Ozkan, Aysen 1; Cumella, Steve 2; Milliken, Kitty 3; Laubach, Steve 3
1 Department of Geological Sciences, Jackson School of Geosciences, University of Texas at Austin, Austin, TX.
2 Bill Barret Corporation, Denver, CO.
3 Bureau of Economic Geology, Jackson School of Geosciences, University of Texas at Austin, Austin, TX.

Most gas production in the Piceance Basin is from discontinuous fluvial deposits of the Williams Fork Formation. Understanding the controls and distribution of reservoir quality is important for the economic success of these tight gas reservoirs in which diagenesis, along with depositional systems and texture, exerts a strong control on pore networks and rock mechanics.

Sandstone in the Williams Fork consists of feldspathic litharenite to litharenite cemented by varying amounts of quartz, calcite, Fe-dolomite, illite-smectite, chlorite, and sparse siderite, pyrite, Fe-calcite, kaolinite, sphene, and gypsum. Framework grain composition is a major control on compaction and on the authigenic phases precipitated. Grain-coating clays are more common in the volcanic grain-rich Upper Williams Fork where alteration of these grains caused the precipitation of authigenic clays. Fe-dolomite cement is found only in the deeper marine-influenced intervals in which dolostone fragments are present.

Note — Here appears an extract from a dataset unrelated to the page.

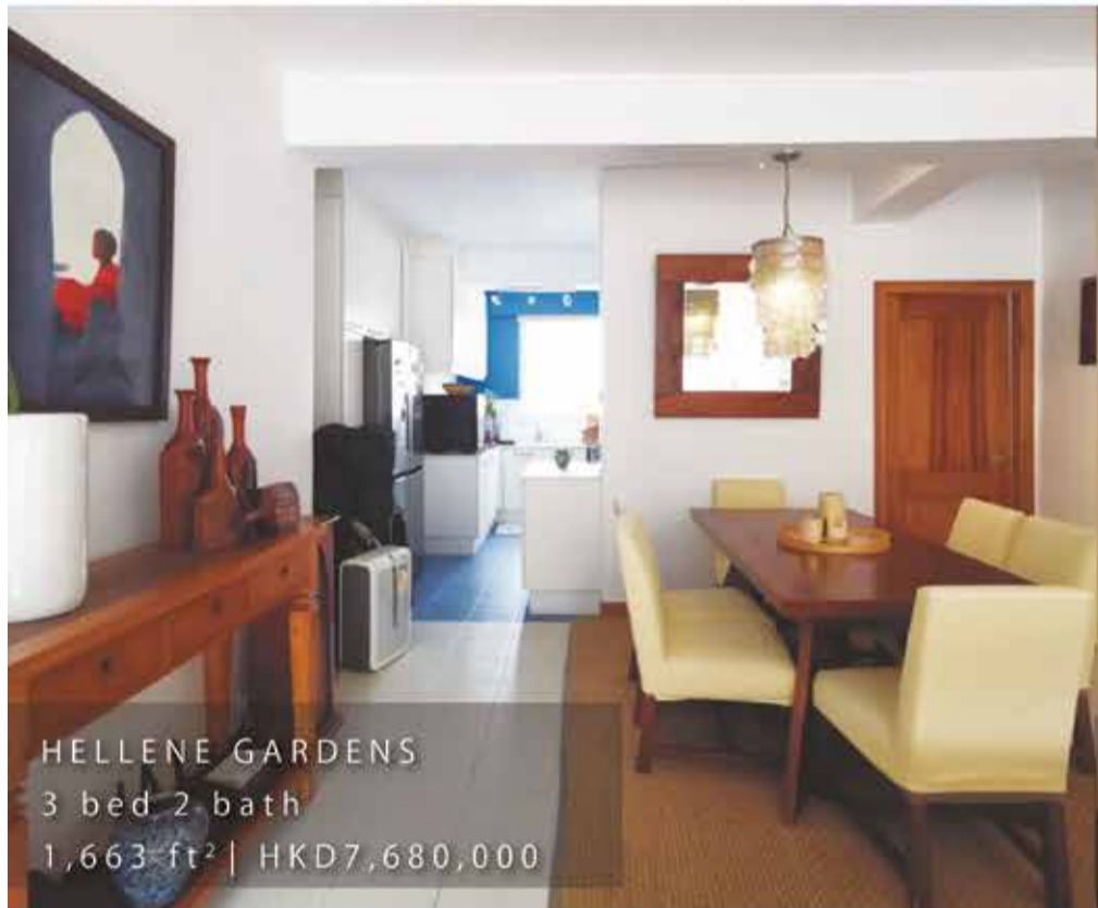
HELLENE GARDENS 3 bed 2 bath 1,663 ft 2 | HKD7,680,000

Twelve lithofacies are identified based on cement types, grain populations, and clay matrix content. Most common lithofacies are chlorite-cemented sandstones, illite/smectite-cemented sandstones, tightly calcite-cemented sandstones, tightly Fe-dolomite-cemented sandstones, clay matrix- or pseudomatrix-rich sandstones, quartz-cemented sandstones with mica-rich laminations, sandstones with thin detrital clay coats and abundant quartz cement, and quartz- & Fe-dolomite-cemented, hydrocarbon-stained sandstones. The sandstones with the poorest reservoir qualities are tightly cemented with carbonates and quartz or rich in clay matrix. The best reservoir quality sandstones are those with grain-coating clays which inhibited precipitation of quartz cement and preserved primary pores.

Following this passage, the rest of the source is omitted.